I felt a struggle inside myself, as if something good was always trying to get out, but that if it did, nothing would reward it. One night we were all stoned and we had the munchies. We were frying cheese, tomato and onion sandwiches on white bread under the griller, and Dick said to dad, 'She's a slut and I want to fuck her.' I looked up over the kitchen bench to dad, my eyes flashing. I was furious that this had been said about me by that scumbag, who I had partially trusted. I wanted dad to smash him, or at least to boot him out of the house, or to stop shouting him beers or fucking something. But dad just looked at me then looked at him and said 'yeah.' Then he looked to the blue carpet and his mind went off with the Gumnut Criminals and the Banksia men, before it grasped onto the next thought. 'Hey mate, any more beer left in that glass?

'Dad,' I persisted, 'He called me a slut.
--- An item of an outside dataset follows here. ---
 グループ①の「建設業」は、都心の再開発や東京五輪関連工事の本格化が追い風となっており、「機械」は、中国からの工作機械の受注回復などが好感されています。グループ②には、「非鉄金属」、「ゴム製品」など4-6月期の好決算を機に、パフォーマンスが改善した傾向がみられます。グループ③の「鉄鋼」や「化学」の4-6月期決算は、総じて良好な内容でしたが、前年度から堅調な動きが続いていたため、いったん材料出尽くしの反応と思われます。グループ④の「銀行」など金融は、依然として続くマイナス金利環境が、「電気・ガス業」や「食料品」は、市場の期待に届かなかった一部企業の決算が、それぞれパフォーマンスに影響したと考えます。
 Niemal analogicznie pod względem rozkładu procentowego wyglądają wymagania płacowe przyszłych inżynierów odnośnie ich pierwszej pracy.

Why don't you do something?' 'It's alright,' he said. My father wouldn't hit him. 'You hit fucking mum,' I screamed, 'why don't you fucking hit him?' But it appeared to me that he only hit women and children. He only hit me when I was under fifteen. At fifteen he had invited me around and then said, 'Come in and sit down mate.' It was almost as if it was he who was forgiving me. I frowned into the scar between my eyes. After two years of threatening to kill me and fifteen years of being the hater of me and therefore my enemy, I had came back to the house still wanting a father. But it was the same father that I had been sent from two years before in order that he wouldn't kill me. Or so my mother had said. Both man and environment were dilapidated, but I wanted to salvage what was left. I wanted to begin the slow excavation, the struggle through the wreckage of my life, fighting off fifteen years worth of ghosts on the old haunted ship.
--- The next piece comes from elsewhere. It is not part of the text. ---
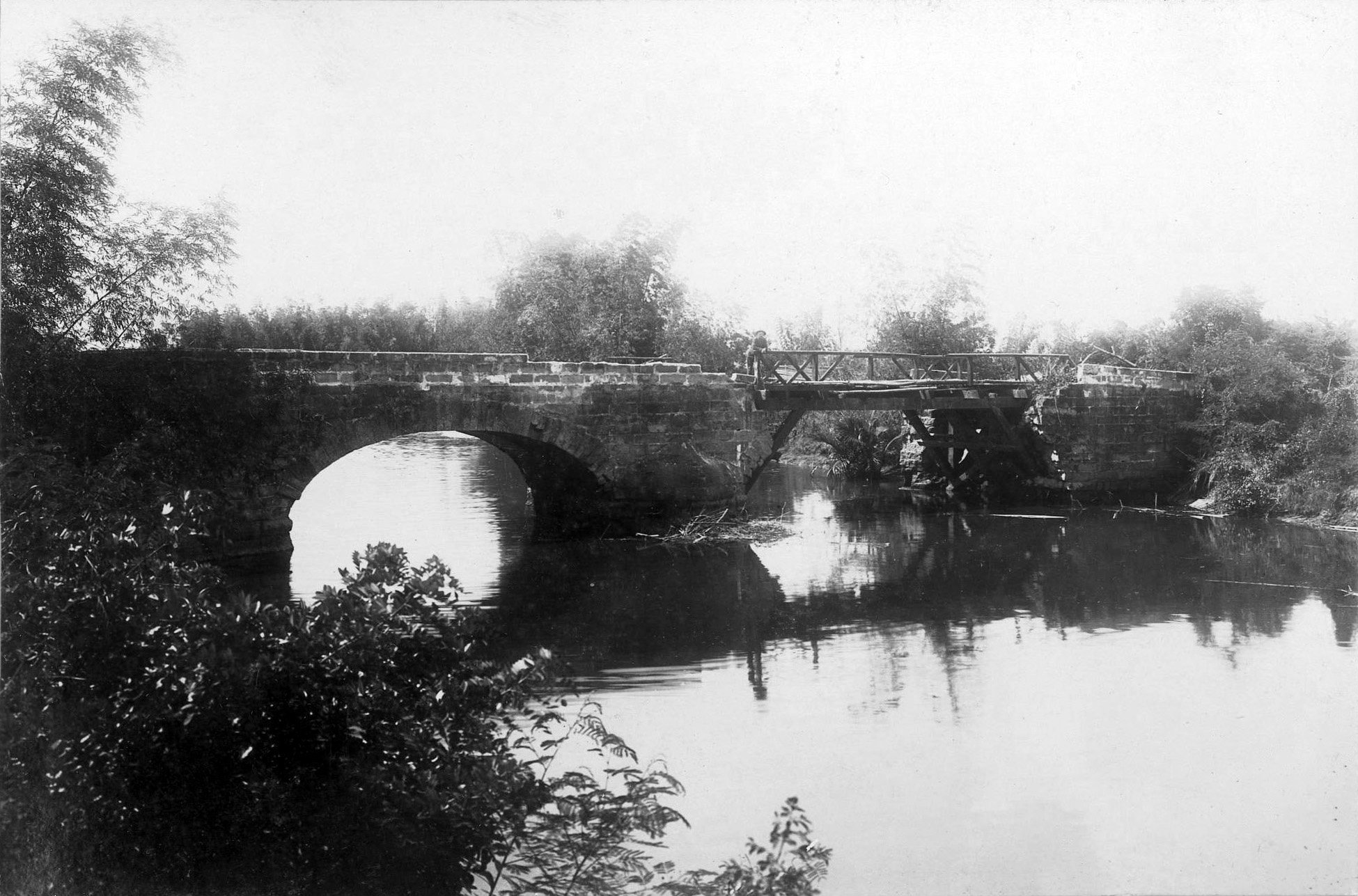 453k | The reconnected Zapote River Bridge in 1899 being guarded by an American soldier taken after the battle of 13 June 1899 between Filipino and American soldiers during the Philippine-American War. One span of the bridge was removed by the locals and substituted by a wooden span, which was burned down, on or before the fighting. University of Michigan Library: The reconnected Zapote River Bridge in 1899 |

At fifteen I gave him one last chance. I said, 'If you ever hit me again, the only time I will come back will be to spit on your grave.' I won't be going to his grave now, that was just a metaphor for how dramatic I felt inside. I visited his grave the night he became violent to me again, as he was dying before my very eyes. As it turns out he was already dead and the graveyard was my kitchen and the other bloke who had wanted to fuck me at Rose Street had spiked my drink with acid or something and then dad and one of the other no-hopers, greedy for my grog, grabbed my glass off the table and said, 'Don't you want this?' I didn't answer the scumbags, pissed off and broody inside. Instead I kicked the wire flyscreen door open and sat out on the back verandah. Fuck that. I needed some black block in my back pocket. I would kill or die for some good quality hash.

The dogs' tails fanned my face with their loud panting. They were glad that I had finally come to my senses and come out to join them. It didn't feel like my childhood house anymore. It was as though childhood itself had gone away in disgust and might return after the no-hopers had all moved out. At least my father didn't want to kill me anymore, which was something. I didn't bother to turn and catch a glance of the men consuming my drink from inside the lit kitchen, but I heard Little Dirk who fought dad for it, saying 'Gary ... give me the last bit, mate.' Dad said, 'fuck you.' They may have spilt some on their dirty shirts or broken flys and thongs or had a bit of a tumble on the carpet as true mates might, for all I cared or knew.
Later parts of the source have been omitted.